==== Data block

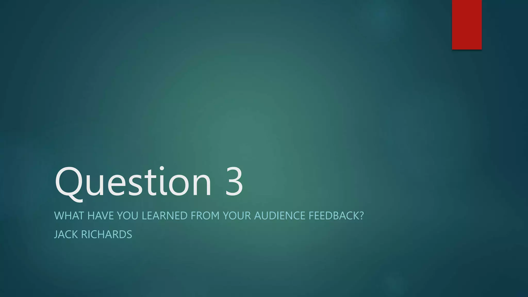The feedback from the audience questionnaires was useful for making decisions about the music video. Most people liked the two locations used in the video as they represented loneliness well. However, some felt the park location could have been better without houses and a playground in the background. While many liked the costume as typical indie wear, others would have preferred something different. Most agreed the video had a narrative about loneliness, though some felt it lacked variety in shots. Suggested changes included improving locations, adding more shots, and changing the ending.
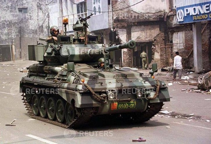 Tank Scorpion melakukan rolling thunder di seantero kota, 15 Mei 1998. Selama 3 hari berturut turut 12-14 Mei 1998, kerusuhan berkobar di Jakarta dan di hari ini, 15 Mei 1998 pun masih terjadi beberapa kejadian di penjuru Jakarta. Panglima ABRI telah memerintahkan jajarannya untuk melakukan pengamanan maksimal dengan mengerahkan satuan satuan tempur di jalanan ibu kota. Foto Reuters, 15 Mei 1998.
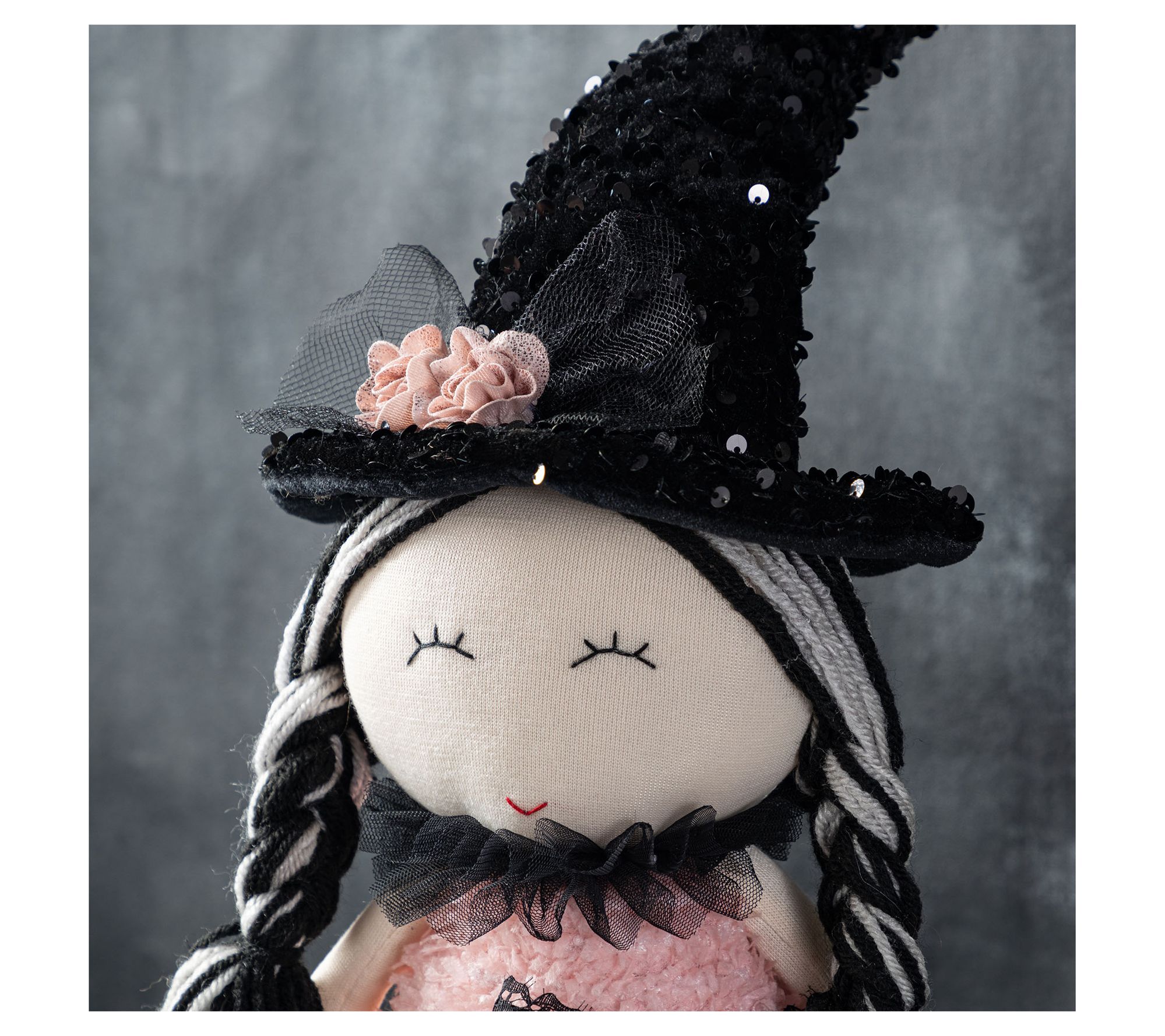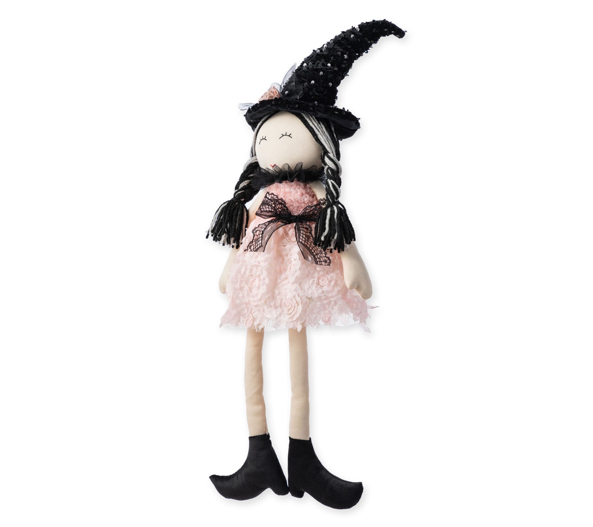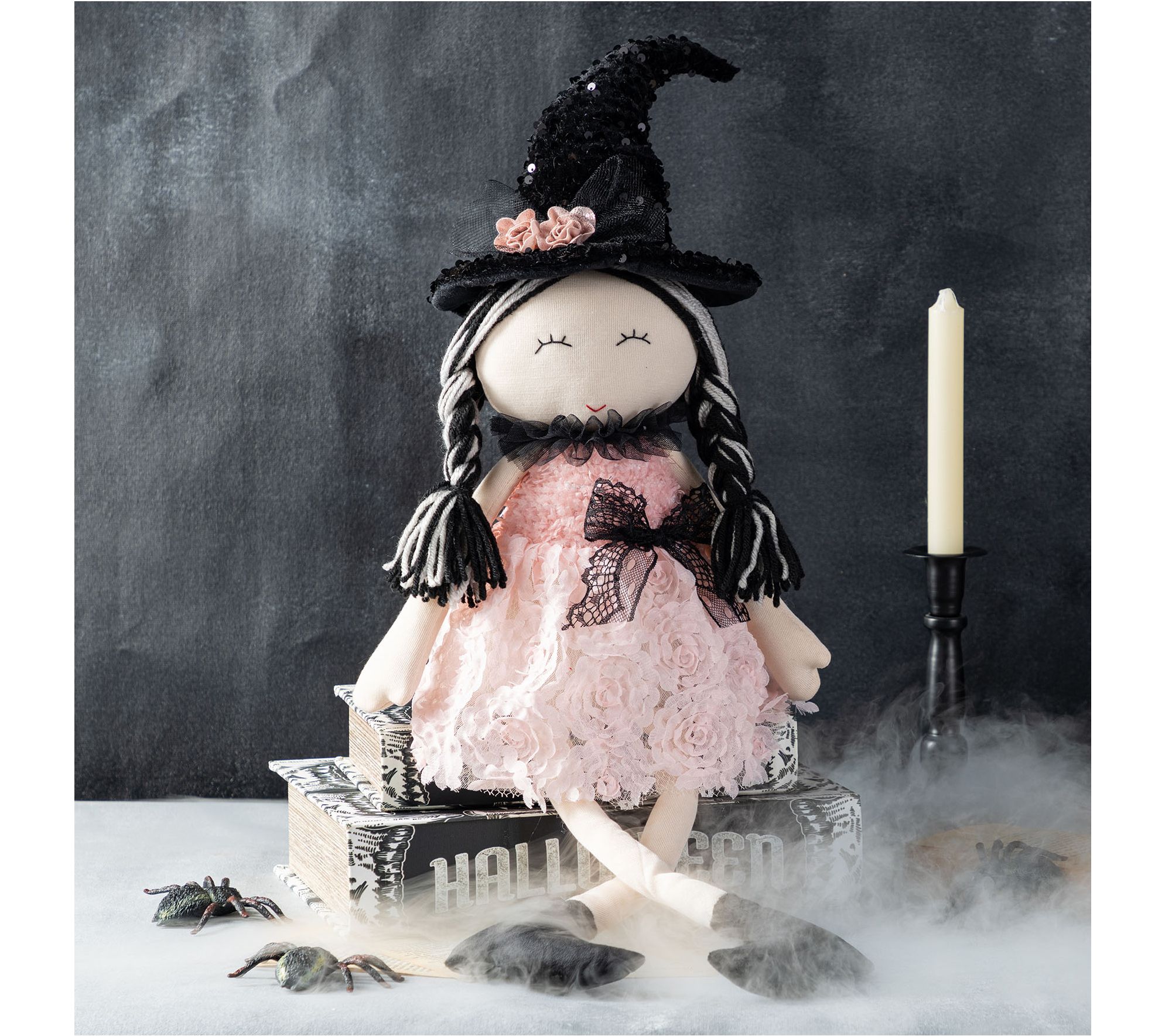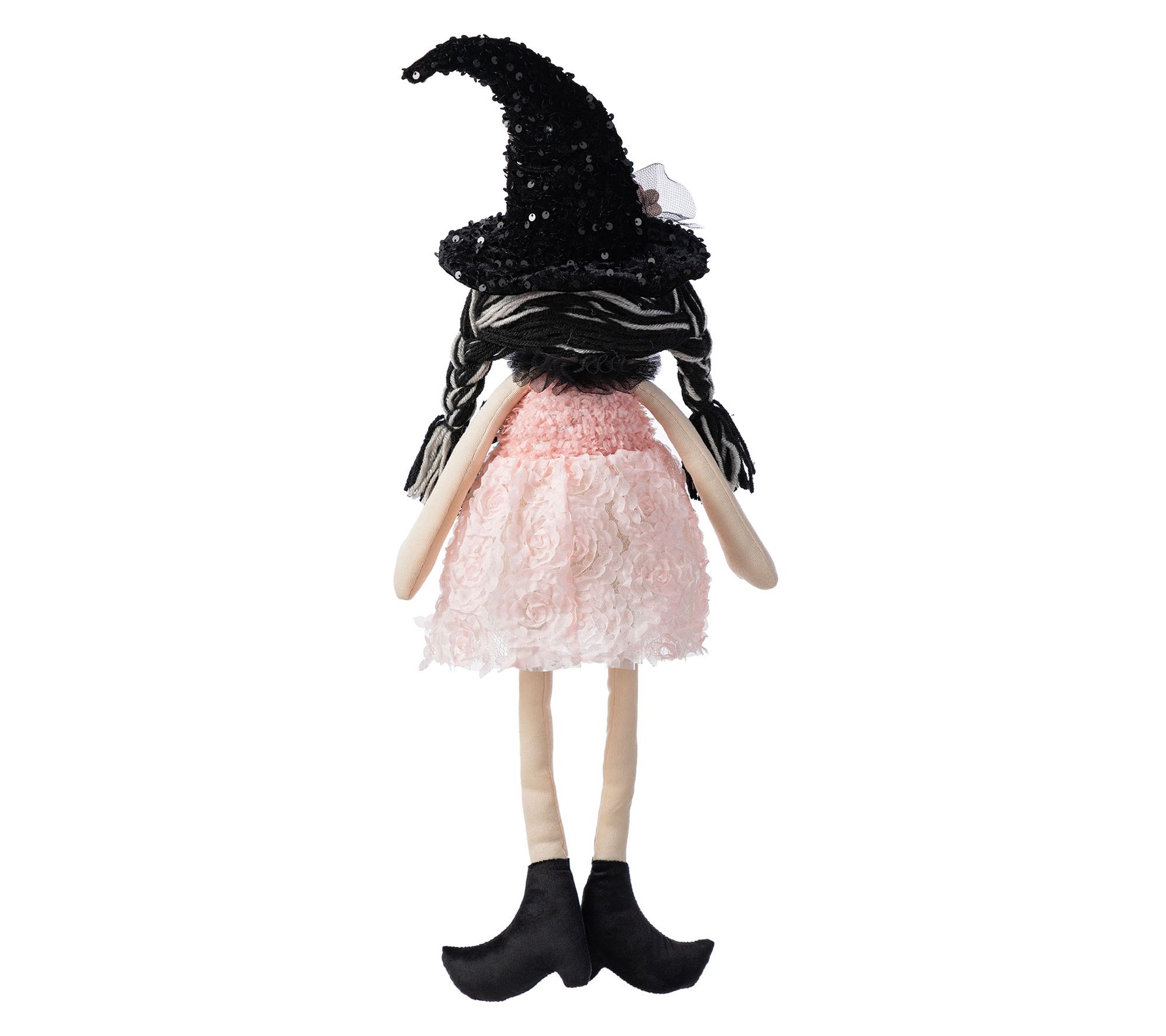 Infuse your space with playful Halloween spirit as this dressed-up witch watches over the festivities from any mantel or shelf. Outfitted in a pink dress and classic hat, she brings whimsical flair to your decor and easily brightens up nooks, side tables, or entryways. Her soft, stuffed design is inviting and fun, making her just the right companion for a seasonal display. From Glitzhome.

========

What you should do: An exact transcription of the data above is needed, without the pictures.

Response to the exercise:
The feedback from the audience questionnaires was useful for making decisions about the music video. Most people liked the two locations used in the video as they represented loneliness well. However, some felt the park location could have been better without houses and a playground in the background. While many liked the costume as typical indie wear, others would have preferred something different. Most agreed the video had a narrative about loneliness, though some felt it lacked variety in shots. Suggested changes included improving locations, adding more shots, and changing the ending.
 Tank Scorpion melakukan rolling thunder di seantero kota, 15 Mei 1998. Selama 3 hari berturut turut 12-14 Mei 1998, kerusuhan berkobar di Jakarta dan di hari ini, 15 Mei 1998 pun masih terjadi beberapa kejadian di penjuru Jakarta. Panglima ABRI telah memerintahkan jajarannya untuk melakukan pengamanan maksimal dengan mengerahkan satuan satuan tempur di jalanan ibu kota. Foto Reuters, 15 Mei 1998.
 Infuse your space with playful Halloween spirit as this dressed-up witch watches over the festivities from any mantel or shelf. Outfitted in a pink dress and classic hat, she brings whimsical flair to your decor and easily brightens up nooks, side tables, or entryways. Her soft, stuffed design is inviting and fun, making her just the right companion for a seasonal display. From Glitzhome.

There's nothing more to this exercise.